Police officers stand near a park bench in Salisbury, England, on which former Russian intelligence officer Sergei Skripal and his daughter were found unconscious after they had been exposed to an unknown substance.
Toby Melville / Reuters
Police officers stand near a park bench in Salisbury, England, on which former Russian intelligence officer Sergei Skripal and his daughter were found unconscious after they had been exposed to an unknown substance.

Police are still looking into who was behind the attack, which they say specifically targeted the victims.

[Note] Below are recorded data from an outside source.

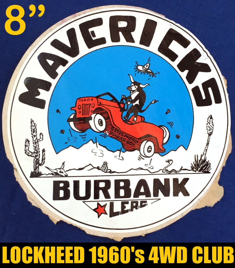 • One (1) VINTAGE ORIGINAL “MAVERICKS” FOUR WHEEL DRIVE CLUB 8″ VEHICLE EMBLEM STICKER from the Lockheed Employees’ Recreational Club (L.E.R.C.) in Burbank, CA circa 1968. Never used. Still has it’s original kraft paper backing (for peel-&-stick) in very nice condition.
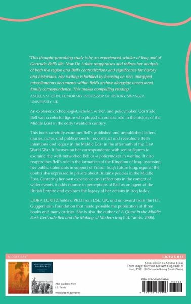 An explorer, archaeologist, scholar, writer, and policymaker, Gertude Bell was a colourful figure who played an outsize role in the history of the Middle East in the early twentieth century. This book carefully examines Bell's published and unpublished letters, diaries, notes, and publications to reconstruct and reevaluate Bell's intentions and legacy in the Middle East in the aftermath of the First World War. It focuses on her correspondence with senior figures to examine the well-networked Bell as a policymaker in waiting. It also reappraises Bell's role in the formation of the Kingdom of Iraq, assessing her public statements in support of Faisal, Iraq's future king, against the doubts she expressed in private. Centering her own experience and reflections in the context of wider events, it adds nuance to perceptions of Bell as an agent of the British Empire and explores the legacy of her actions in Iraq today.
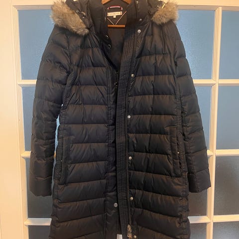 Hyväkuntoinen Tommy Hilfiger naisten untuvatakki. Hupussa irroitettava karvareunus. Myös hupun saa irroitettua. Takin koko XL ja ostettu Stockmannilta. Ovh. n. 300e Nouto tai postitus ostajan maksaessa postikulut.
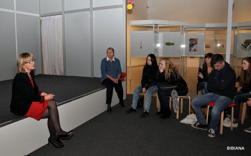 Beseda so študentami katedry mediálnej komunikácie s vedúcou sekretariátu BIB Vierou Anoškinovou.
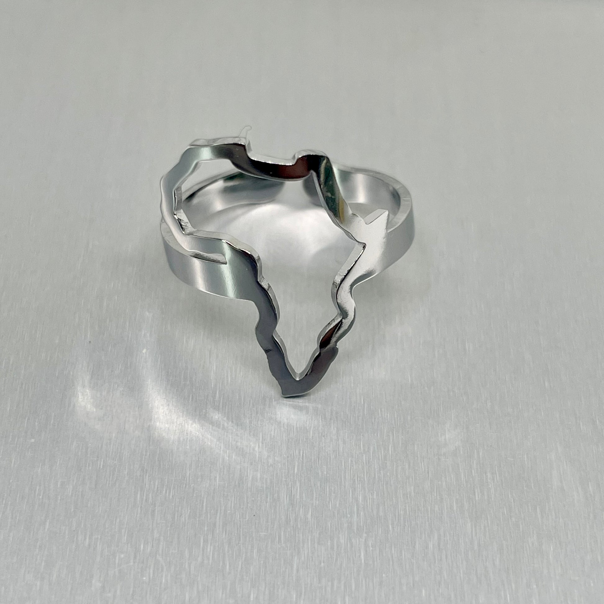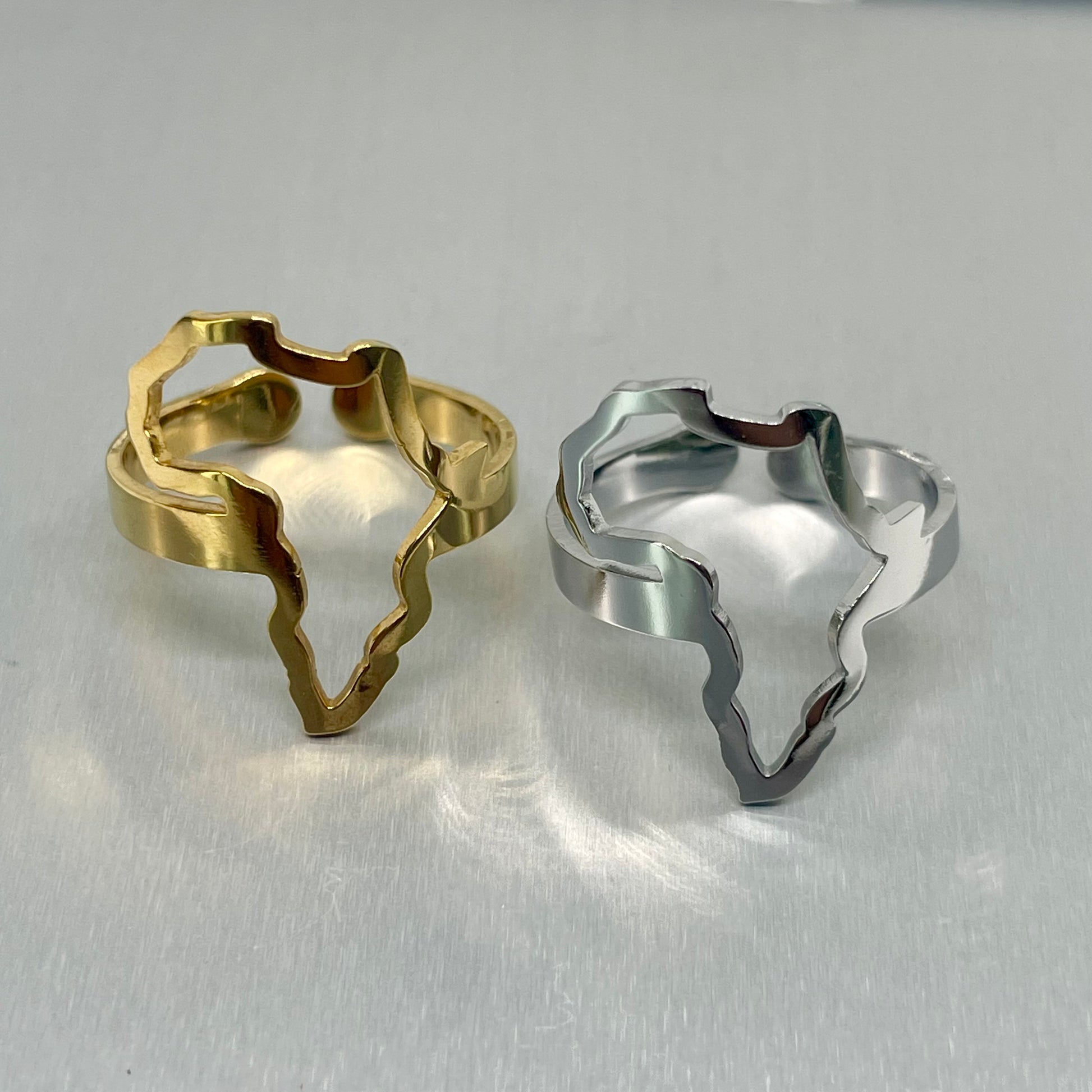 Our Africa Outline ring is a one of a kind piece that celebrates the beauty of Africa. Crafted in tarnish resistant stainless steel and enrobed in 18ct gold this statement ring features a hollow outline of the map of the African continent.

British Foreign Secretary Boris Johnson said Tuesday that it was “too early to speculate” about what had happened to Skripal and his daughter, but noted that Britain would “respond appropriately and robustly” if the Russian government were found responsible.

The Kremlin has denied having any information about the incident.

Britain’s counterterrorism unit took over the investigation Tuesday. Hundreds of detectives from the counterterrorism team have been working “around the clock” to investigate the incident, according to a police report. Authorities do not believe there is a threat to the wider public, and are asking anyone who was in the area at the time to come forward with information.

If the Russian government is found responsible, this incident would join a long list of suspected assassinations of Russian dissidents abroad, and specifically in the U.K. Russian spy Alexander Litvinenko was poisoned in London in 2006, in an attack that a British government investigation later concluded was “probably approved” by Russian President Vladimir Putin.